# LangChain: Q&A over Documents

An example might be a tool that would allow you to query a product catalog for items of interest.

In [1]:
#pip install --upgrade langchain

In [9]:
# Retrival over some document
from langchain.chains import RetrievalQA
# Document Loader - load proprietary data to load to LLM
from langchain.document_loaders import CSVLoader
# Vector Store # In memory store, no need extra vector db
from langchain.vectorstores import DocArrayInMemorySearch
from IPython.display import display, Markdown
from langchain_openai import ChatOpenAI

In [10]:
file = 'data/OutdoorClothingCatalog_1000.csv'
loader = CSVLoader(file_path=file)

In [11]:
from langchain.indexes import VectorstoreIndexCreator

In [12]:
#pip install docarray

In [13]:
from langchain_openai import OpenAIEmbeddings

index = VectorstoreIndexCreator(
    embedding=OpenAIEmbeddings(),
    vectorstore_cls=DocArrayInMemorySearch
).from_loaders([loader])

In [14]:
query ="Please list all your shirts with sun protection \
in a table in markdown and summarize each one."

In [18]:
llm = ChatOpenAI(temperature=0, model='gpt-4-turbo')
response = index.query(query, llm=llm)

In [21]:
display(Markdown(response))

Here's a table summarizing the shirts with sun protection:

| ID  | Name                                  | Fabric Composition                | Features                                                                                     |
|-----|---------------------------------------|-----------------------------------|----------------------------------------------------------------------------------------------|
| 618 | Men's Tropical Plaid Short-Sleeve Shirt | 100% Polyester                    | UPF 50+, wrinkle-resistant, front and back cape venting, two front bellows pockets           |
| 374 | Men's Plaid Tropic Shirt, Short-Sleeve | 52% Polyester, 48% Nylon          | UPF 50+, wrinkle-free, quickly evaporates perspiration, front and back cape venting, two front bellows pockets |
| 535 | Men's TropicVibe Shirt, Short-Sleeve   | 71% Nylon, 29% Polyester          | UPF 50+, wrinkle resistant, front and back cape venting, two front bellows pockets           |
| 255 | Sun Shield Shirt                       | 78% Nylon, 22% Lycra Xtra Life fiber | UPF 50+, moisture-wicking, quick-drying, abrasion resistant, fits over swimsuits             |

### Summary of Each Shirt:
1. **Men's Tropical Plaid Short-Sleeve Shirt (ID 618)**: This shirt offers the highest level of sun protection (UPF 50+), is made entirely of polyester, and features wrinkle resistance. It includes venting for cooling and practical pockets.
   
2. **Men's Plaid Tropic Shirt, Short-Sleeve (ID 374)**: Designed originally for fishing, this shirt combines polyester and nylon for durability and comfort. It also features UPF 50+ sun protection, is wrinkle-free, and has efficient moisture evaporation properties.

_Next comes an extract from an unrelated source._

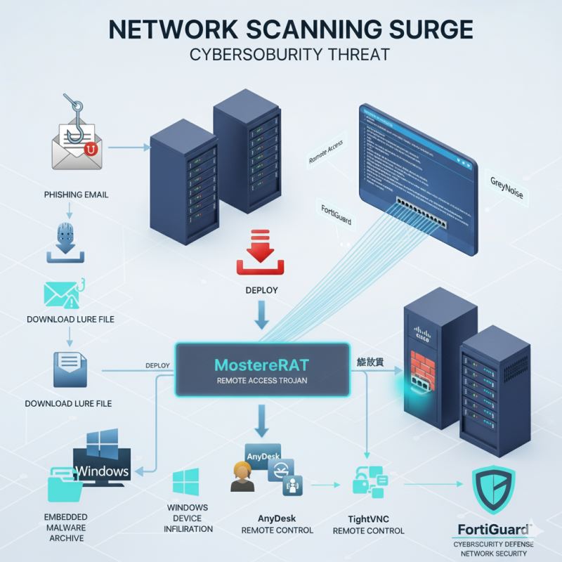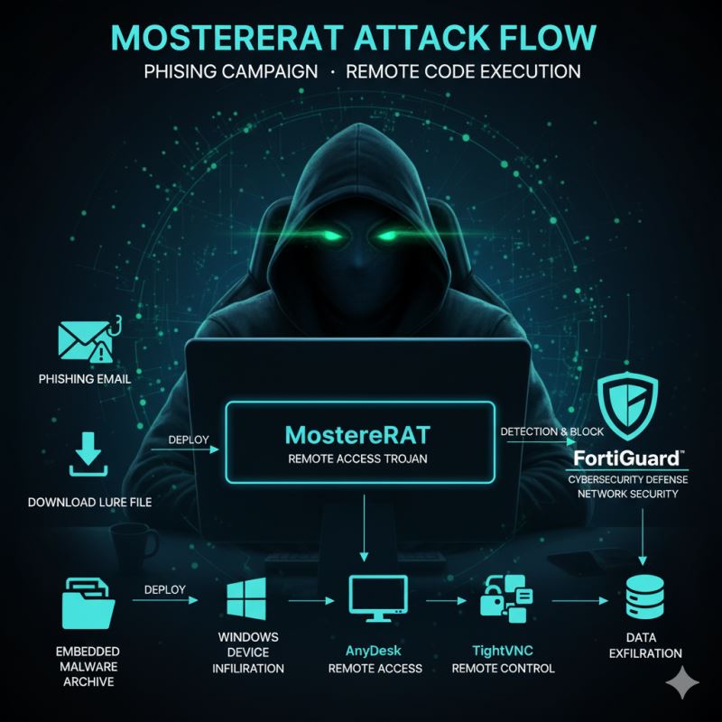 MostereRAT 以 Windows 為目標,利用 AnyDesk 和 TightVNC 實現完全訪問2025.09.09資訊安全FortiGuard實驗室揭露新型惡意軟體MostereRAT,透過針對日本用戶的網路釣魚活動散播,利用AnyDesk與TightVNC等遠端存取工具竊取資料並控制系統。
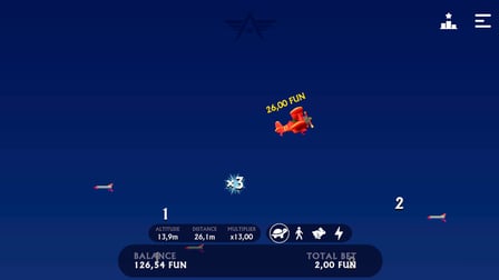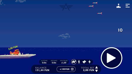 Wenn dein Flugzeug ins Wasser stürzt, verlierst du deine Wette. Aber eine sichere Landung auf dem Träger multipliziert deine Gewinne!

3. **Men's TropicVibe Shirt, Short-Sleeve (ID 535)**: This shirt is a blend of nylon and polyester, providing UPF 50+ protection. It is wrinkle-resistant and includes venting and pockets for functionality.

4. **Sun Shield Shirt (ID 255)**: Made with a blend of nylon and Lycra, this shirt not only offers UPF 50+ protection but also excels in moisture-wicking and quick-drying capabilities. It's designed to fit comfortably over swimsuits and is abrasion-resistant for durable wear.

![chrome_9wYPig36sm.png](attachment:chrome_9wYPig36sm.png)

![chrome_UpbS4UG4Bm.png](attachment:chrome_UpbS4UG4Bm.png)

![chrome_3bzs9FuwJK.png](attachment:chrome_3bzs9FuwJK.png)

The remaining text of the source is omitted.